Jamming (on) the Web

Anton Eliëns, Martijn van Welie, Jacco van Ossenbruggen and Bastiaan Schönhage
Vrije Universiteit, Fac. of Mathematics and Computer Sciences
De Boelelaan 1081a, 1081 HV Amsterdam, The Netherlands
email: eliens@cs.vu.nl, martijn@cs.vu.nl, jrvosse@cs.vu.nl, bastiaan@cs.vu.nl

Abstract

The Web has become a dominant medium for the dissemination of information and, more recently, for collaborative work as well. The focus has been mainly on textual and graphical information, hardly addressing topics related to musical information. We present a framework that makes musical works accessible for Web users by offering high-level support for the display of musical material on the Web as well as for live jam sessions.

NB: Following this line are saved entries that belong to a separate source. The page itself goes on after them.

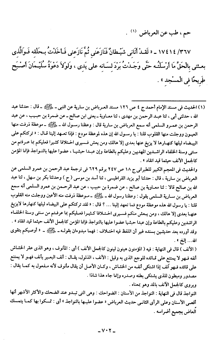 (¬1) الحديث في مسند الإمام أحمد ج 4 ص 126 مسند العرباض بن سارية عن النبي - صلى الله عليه وسلم - قال: حدثنا عبد الله، حدثني أبي، ثنا عبد الرحمن بن مهدى، ثنا معاوية -يعني ابن صالح- عن ضمرة بن حبيب، عن عبد الرحمن بن عمرو السلمى أنه سمع العرباض بن سارية قال: وعظنا رسول الله - صلى الله عليه وسلم - موعظة ذرفت منها العيون ووجلت منها القلوب قلنا: يا رسول الله إن هذه لموعظة مودع: فإذا تعهد إلينا قال: "تركتكم على البيضاء ليلها كنهارها لا يزيغ عنها بعدى إلا هالك ومن يعش فسيرى اختلافا كثيرا فعليكم بما عرفتم من سنتى وسنة الخلفاء الراشدين المهديين وعليكم بالطاعة وإن عبدا حبشيا، عضوا عليعا بالنواجذ فإنما المؤمن كالجمل الأنف حيثما قيد انقاد".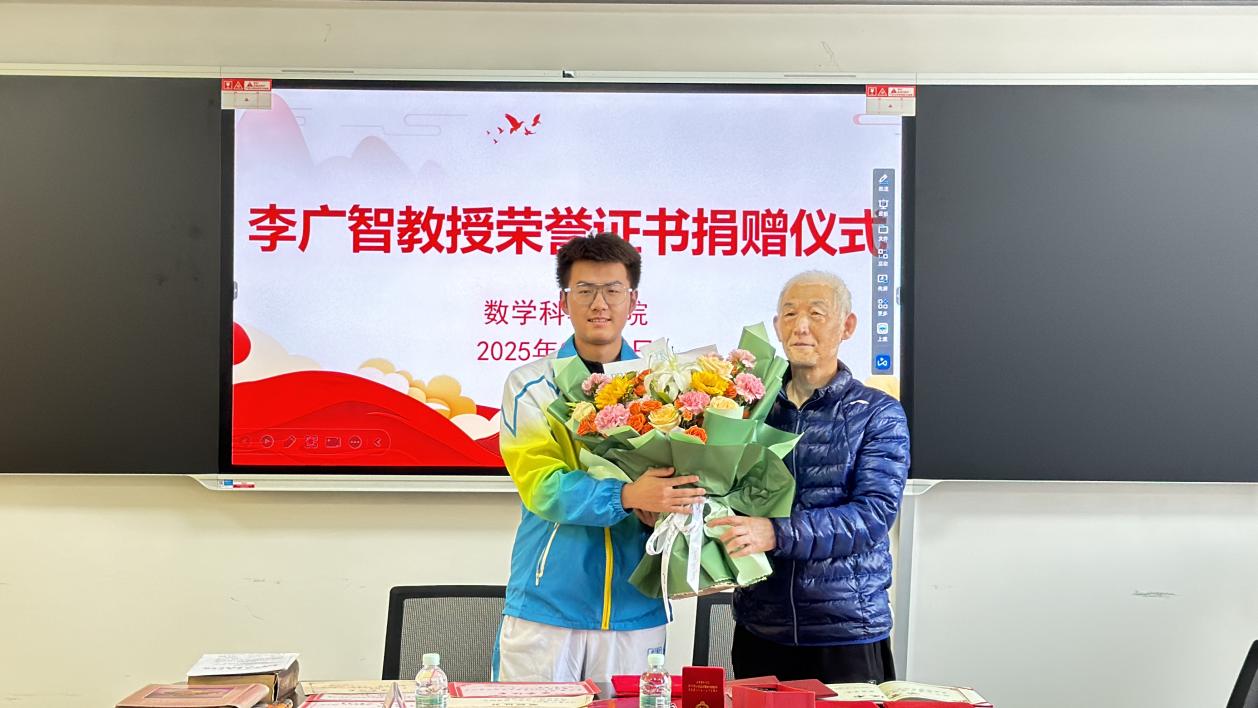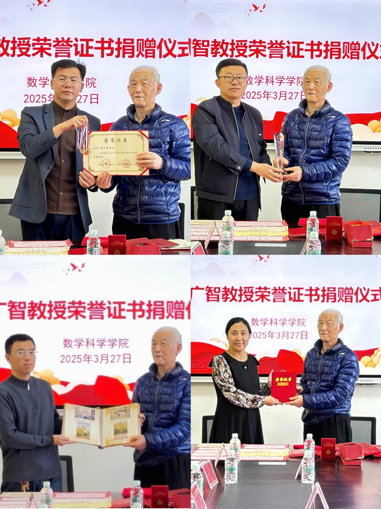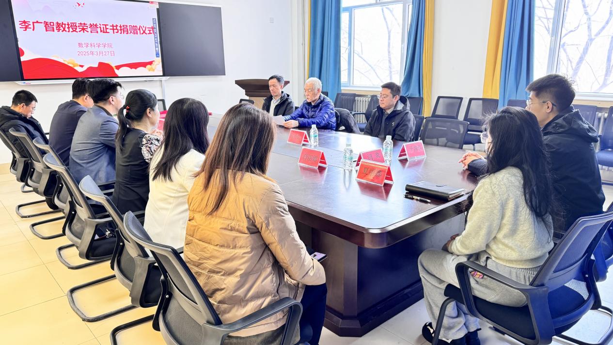 3月27日,数学科学学院在会议室组织了李广智老师荣誉证书捐赠仪式。大庆油田党委老干部处关心下一代办公室主任陈勇皓、副主任武勇、学院领导班子成员、部分师生代表参加仪式。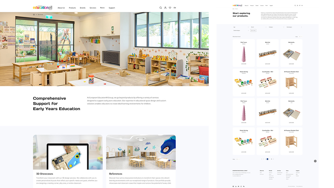 產(chǎn)品頁(yè)延續清晰的卡片式設計,信息結構井然有序。每一個(gè)產(chǎn)品都像擺放在整齊教室中的教材,真實(shí)、直觀(guān)、便于選擇。配合場(chǎng)景化照片,提升了沉浸感,也讓用戶(hù)能在瀏覽中獲得“專(zhuān)業(yè)與可靠”的信號。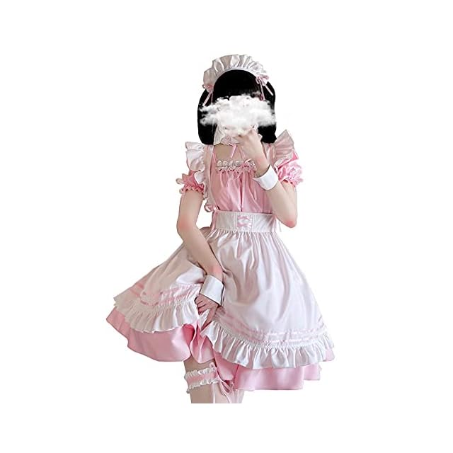 [ANONIE] メイド服 コスプレ仮装 初心者 セット かわいい コスチューム ホワイト+ブラック 豪華セット (pink, 3XL)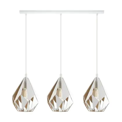 Eglo Suspension Luminaire Carlton 1 Échantillon Blanc Dorée | IP20 - Convient pour 3x E27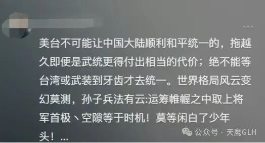 “美台不可能让中国大陆顺利和平统一的,拖越久,即便是武统更得付出相当大的代价;绝不能等台湾武装到牙齿才去统一。世界格局风云变幻莫测,孙子兵法有云:运筹帷幄之中取上将军首极。”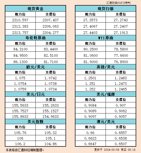 5月9日亚市支撑阻力:金银原油+美元指数等六大货币对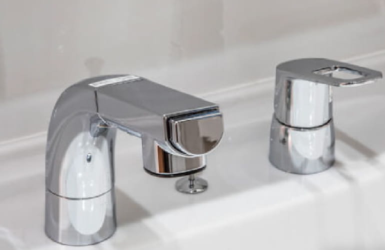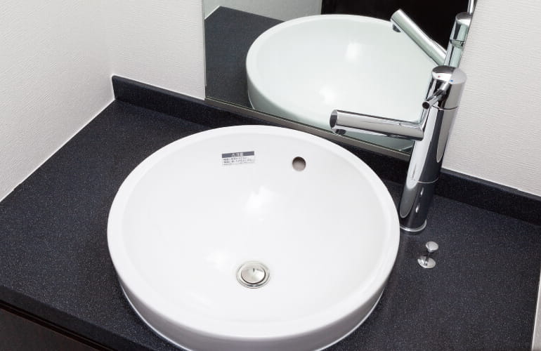 洗面台のシングルレバー水栓は、手前に引き出して使えるので、洗髪やボウルを洗う際に便利です。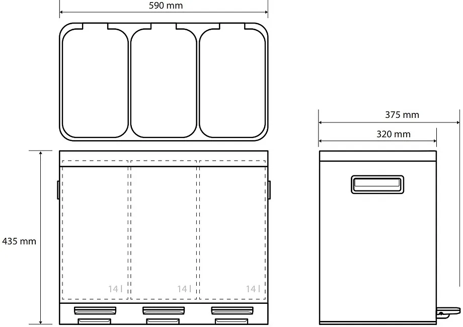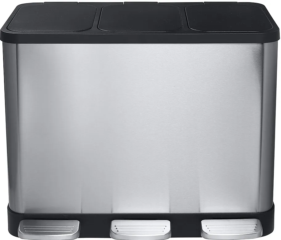 Контейнер для сортировки мусора на три отделения. Каждое отделение объемом 14 литров. Цвет контейнера: матовая нержавеющая сталь.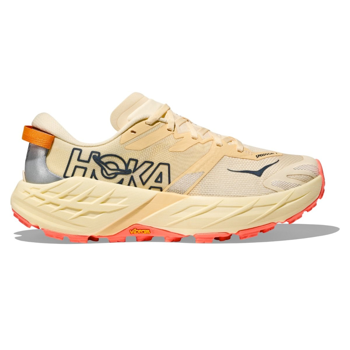 De Hoka Speedgoat 7 (Vintage Yellow/Neon Flame) trailrunning schoen dames biedt betrouwbare grip en beschermende demping voor lopers die kilometers maken op technisch terrein. Deze schoen is geschikt voor trailrunners en wandelaars die zekerheid zoeken op natte rotsen, losse paden en steile beklimmingen.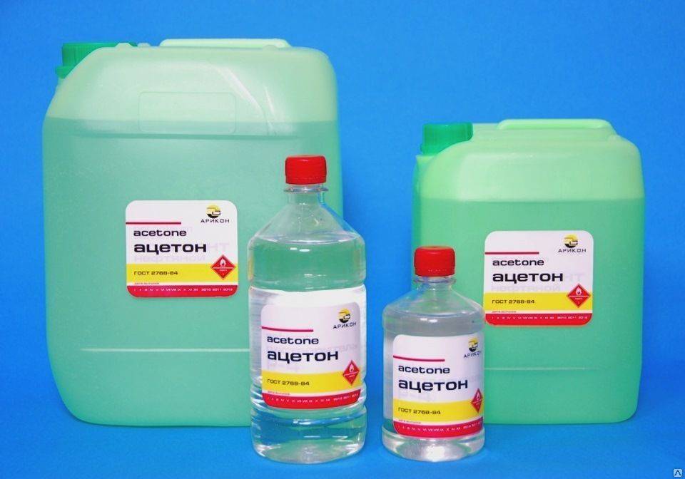 Удалить загрязнение можно ацетоном. Перед применением его наносят на небольшой участок. Если поверхность осталась без изменений, можно наносить ацетон на весь шов. Ацетон более агрессивен, чем уайт-спирит и имеет сильный запах. Жидкость наносят на шов и ждут 15-20 минут, пока он не размягчится и не потеряет форму. Остатки следует убрать тканью.

Our framework consists of a browser plug-in that supports the display and editing of scores as well as playing scores by connecting to a shared MIDI server. To participate in a jam session, clients of the MIDI server can also send data in real time; for instance, by using a keyboard embedded in a Web page. We discuss the issues involved in displaying musical material on the Web and we sketch the technical architecture of our framework.

1. Introduction

Compared to textual and graphical material, the capabilities of the Web for musical information are rather poor. The embedding of music, or sound in general, rarely goes beyond links to raw audio and MIDI files or to streamed audio connections. To display a musical work, HTML authors have to use images containing the score. All of these solutions are very low level as they basically regard music as being just sound (or a picture in the case of a score).

True score files are usually a few orders of magnitude smaller, and the audio signal can be synthesized at the client side at any appropriate sample rate. Additionally, a high-level description of music provides the browser with far more information when compared to the raw samples. In previous work we proposed to transmit musical scores (instead of the raw samples) across the Internet and to add sound synthesis functionality to Web browsers [10], and the use of generic SGML to encode structured documents [2].

In this paper, we describe an experimental framework that offers many of the ingredients for true networked music support including facilities for editing, displaying and playing musical scores as well as facilities for high level exchange of musical material and real-time collaborative work involving music and sound. Our approach is based on traditional music notation and on MIDI for playing facilities. The framework builds upon the work done in the DejaVu project at the Software Engineering section of the Vrije Universiteit (Amsterdam), which resulted in a suite of components for developing distributed Web-aware hypermedia applications [1,2,7,8,9,10,12].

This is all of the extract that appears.